Terminal 3 — drive scenarios + take screenshots:

python3 peek.py                                       # snapshot + telemetry
python3 run.py scenarios/lighting-times-of-day.yaml   # 6 screenshots
python3 run.py scenarios/god-rays-look-at-sun.yaml
python3 run.py scenarios/voxel-construction-darkness.yaml

Screenshots land in test/screenshots/. Diff them against your baseline (visually or with magick compare) to catch regressions.

Pointing at the deployed build (rarely)

You almost never want this. The deploy lags your local code, so a bug you fixed locally still appears there until you push + rebuild the container. But if you want a one-off sanity check:

python3 launch.py --url https://voxel.mxvs.art/

The harness will happily attach; just remember you're looking at whatever tag is currently deployed, not your in-progress work.

The browser stays open; profile lives at ./.browser_profile/. CDP listens on localhost:9222 so the other tools can attach.

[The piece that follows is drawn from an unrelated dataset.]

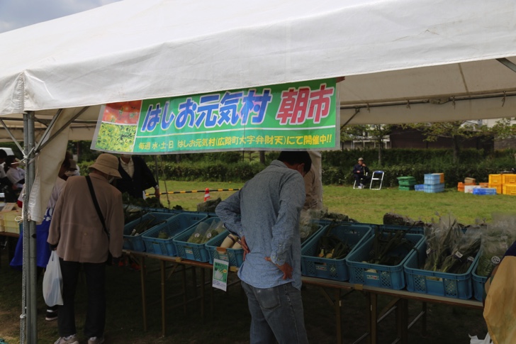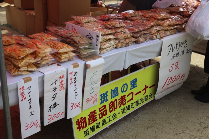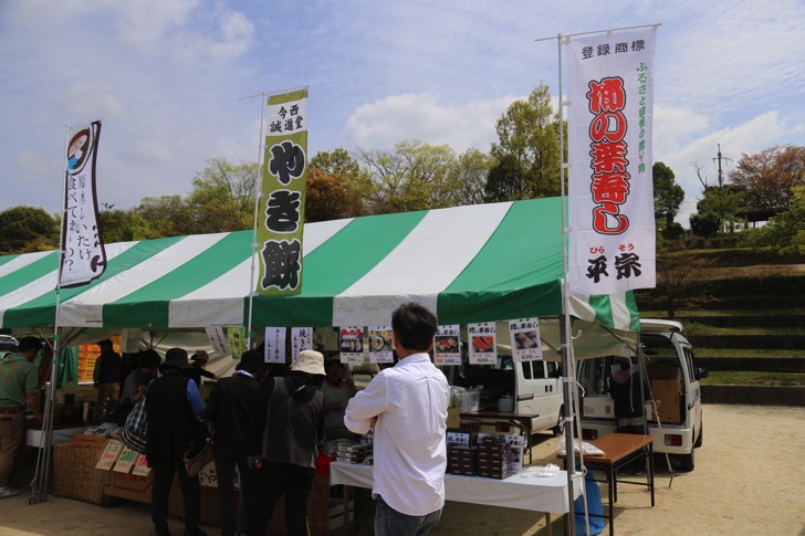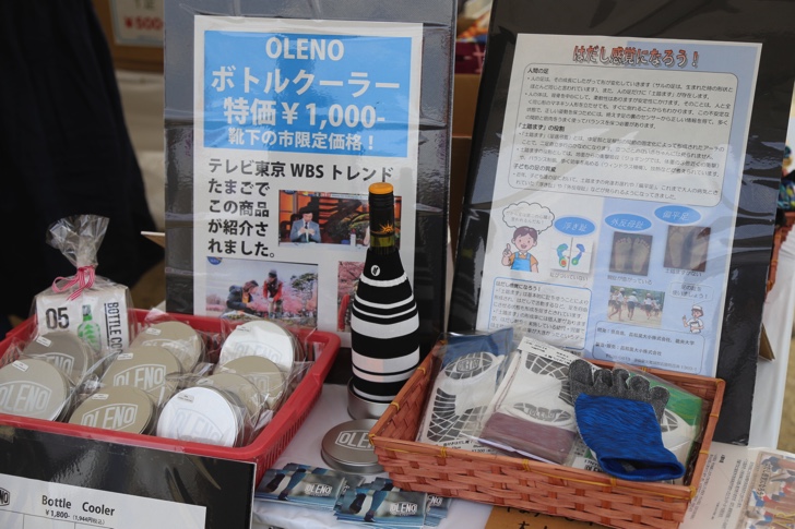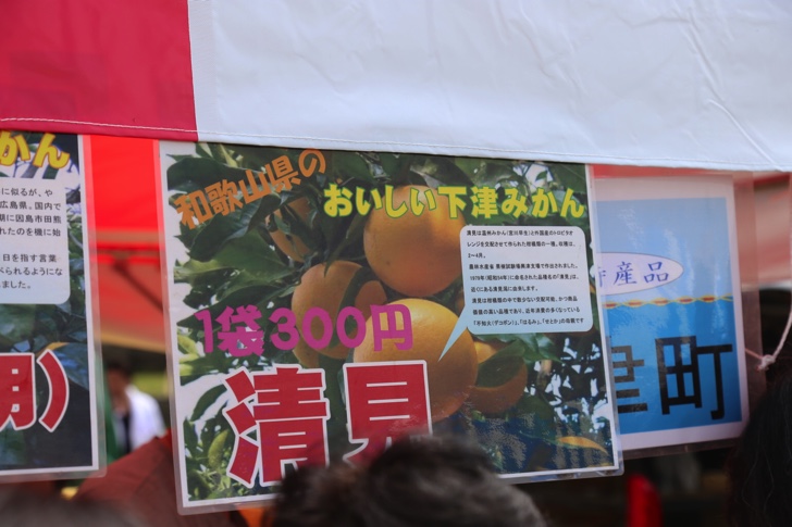 公園にはいくつものテントが張られておりブースごとに様々な店舗が出店されています。会場の半分は靴下の店、半分は地域特産品の店が軒をつられています。特産品のコーナーでは葛餅、あられ、奈良漬、柑橘類、昆布・佃煮など地元の商材が販売されています。今回はおつまみ昆布、清見みかんなどを購入。どれもお値打ちな価格で提供されています。

One-shot inspection / screenshot

python3 peek.py            # screenshot + dump game telemetry
python3 peek.py --json     # machine-readable

Writes a PNG to screenshots/<ts>_peek.png.

Run a scenario

python3 run.py scenarios/lighting-times-of-day.yaml

Scenarios are YAML lists of steps. Each step is one of:

step	meaning
`wait_for: <js_expr>`	block until `js_expr` evaluates truthy
`wait: <ms>`	sleep that many ms
`eval: <js>`	run JS in the page (state setters, etc.)
`key: <key> [hold: ms]`	press a key (optionally hold)
`mouse_move: [dx, dy]`	relative mouse motion
`mouse: <down\|up\|click>`	mouse button events
`screenshot: <name>.png`	save canvas screenshot to `screenshots/`
`assert: <js_expr>`	fail scenario if `js_expr` is falsy

Available game-state JS bindings

All exported by the wasm module (see src/bridges.rs::wasm_api). After wait_for: "window.voxel_game !== undefined", call as window.voxel_game.<fn>(...).

Setter	Effect
`set_scene_time(t: f32)`	jump shader time to `t` seconds
`set_time_scale(s: f32)`	freeze (0) / fast-forward time
`teleport(x, y, z)`	move player feet to (x,y,z)
`look_at(yaw, pitch)`	set camera angles (radians)
`set_paused(b)`	pause input + physics
`set_fov(deg)` / `set_mouse_sens(s)` / `set_render_distance(blocks)`	settings
`respawn()`	one-shot respawn request

Getter	Returns
`get_scene_time()`	`f32`
`get_position()`	`[x, y, z]`
`get_camera_angles()`	`[yaw, pitch]`
`get_hp()` / `is_alive()`	from death/respawn state

Why this exists

When something looks wrong (e.g. "tops of blocks don't react to sunset"), the dev loop without this is: deploy, open browser, fiddle the time slider, compare to baseline by memory. With this, the loop is: write a scenario that screenshots the same view at noon / sunset / midnight, run it, diff the screenshots against a baseline. Bugs become visible in one command.

For non-visual behaviors (e.g. "is the joystick releasing correctly?") the same harness sends keyboard events and reads back position telemetry to assert "after release, player stops moving within N ms".

Sanity guarantees

Persistent profile means cookies, settings, and game state survive across launch.py runs. The first launch is "fresh"; subsequent ones resume where you left off.
launch.py never touches the page beyond the initial navigation. Scenarios drive the session; the launcher just hosts the browser.
All tools attach via CDP — closing them doesn't close the browser.